Traditions Field Note

Traditional Egyptian Hospitality



Guess what I got to experience here in Cairo, Egypt?  I got to have a traditional Egyptian dinner with my friend, Mohammed, and his beautiful family!  This experience was a huge highlight on my journey so far! I got to see how a very traditional family in Egypt has dinner, and how they show hospitality to their guests.  Hospitality is the way you treat guests when they are visiting your home.  If you are very hospitable, you are very nice to them to make sure they are comfortable and happy. 

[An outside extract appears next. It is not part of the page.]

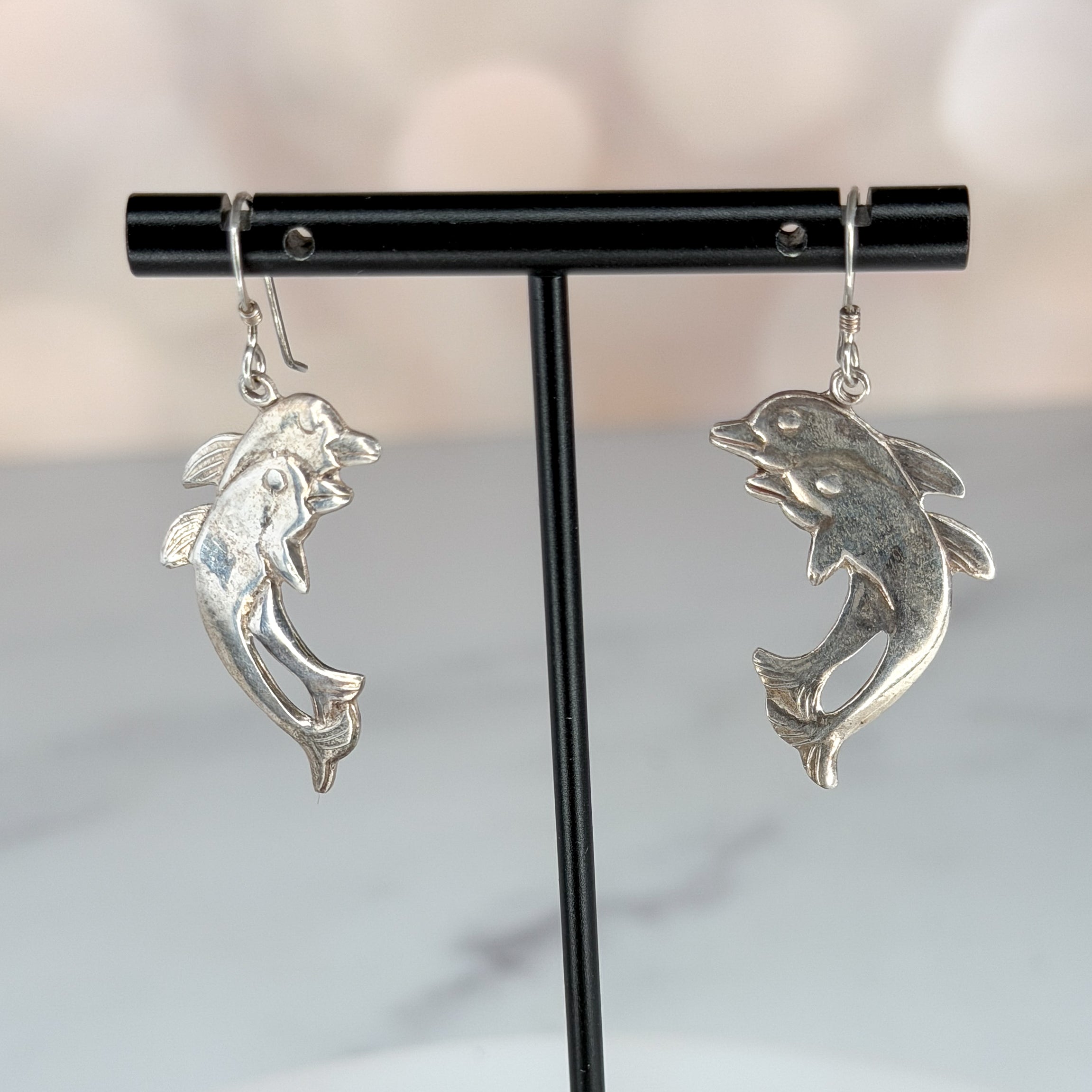 These earrings offer a joyful nod to ocean life while staying comfortably wearable. The dynamic motion of the dolphins creates a lively focal point, enhancing any ensemble with nautical flair. They make a thoughtful gift for someone who loves the sea, wildlife, or timeless silver jewelry, and they pair nicely with other silver accessories for a cohesive look.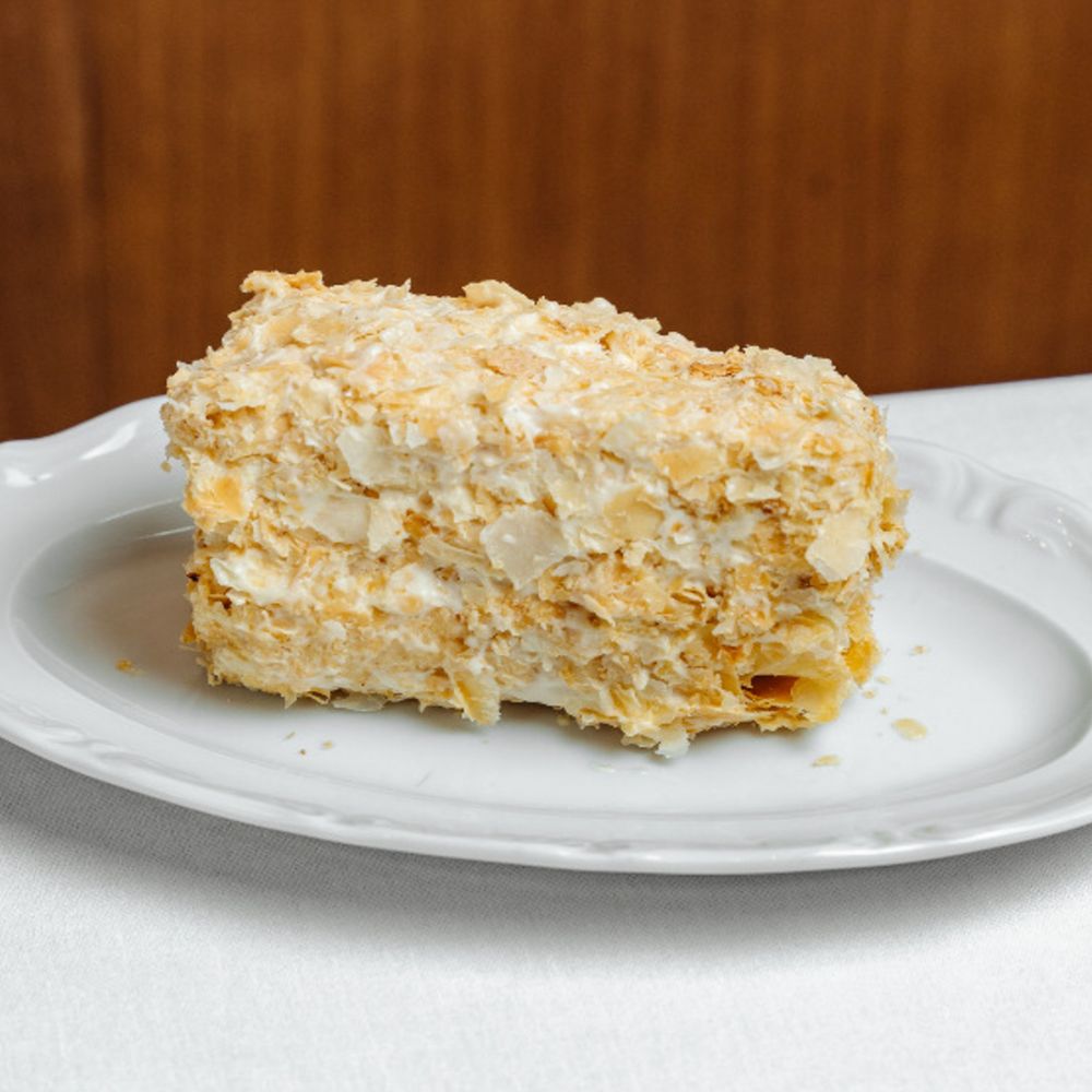 Воздушные хрустящие коржи из слоеного теста, сливочный крем патисьер с карамелью (карамель, сливки, сахар, ваниль, яйцо, сливочное масло, кукурузный крахмал)

One major part of traditional Egyptian hospitality is making sure you are very full from delicious food.  Not only did I get to eat delicious, traditional food, but I also got to wear some traditional Egyptian Muslim clothing!  Remember, Muslims are people that are part of the Islamic faith.  Muslims pray to their God, Allah. The best part of this experience is that I got to take pictures of this great event to share with the class! 



I learned from my friend and guide, Mohammed, that it is very traditional for new friends to visit one another’s homes to have dinner.  Mohammed told me, “I’m going to show you real Egyptian hospitality!  You can come to my house. My wife can make you delicious food and you can meet my family.”  I replied, “Mohammed, will you really take me to your house?”  Mohammed answered, “Nobi, I know you have a good heart, so for you, I would love to have you over for dinner!”

Mohammed digging into some delicious food!

Mohammed calls me “Nobi” because it is easier for him to say than “Noble.”  In the Arabic language, there are no words that end with the letters “-le”, which is very common in English.  Can you think of some?

I told Mohammed that I would love to come over to his house!  He told me that he was going to let me wear one of his traditional Egyptian Muslim gowns when I arrived.  This is an article of clothing that looks like a dress for men, and many Muslim men around the world wear this type of gown.  I couldn’t wait to meet Mohammed’s family and wear his clothes so I could see what it is like to be an Egyptian!

What tradition did I learn about?

The tradition I learned about was Egyptian hospitality.  When I went to Mohammed’s house for dinner, I got to meet his two gorgeous daughters, and his pretty wife!  I said, “Salam,” when I entered their house.  “Salam” is an easy was to greet someone or say goodbye to them in Arabic.  “Salam” means “peace” in English.

Me wearing a traditional Islamic gown

One of Mohammed’s daughters was really friendly and funny.  The other daughter was very shy.  I also met the rest of Mohammed’s family that lived in his home.  In Egypt, it is traditional for a family to have the grandfather, grandmother, mom, dad and children all under the same roof!  Also, Mohammed’s younger brother lives at his home also.  It was really a full house!  I loved the strong family connection that I saw because it meant that everyone was being taken care of.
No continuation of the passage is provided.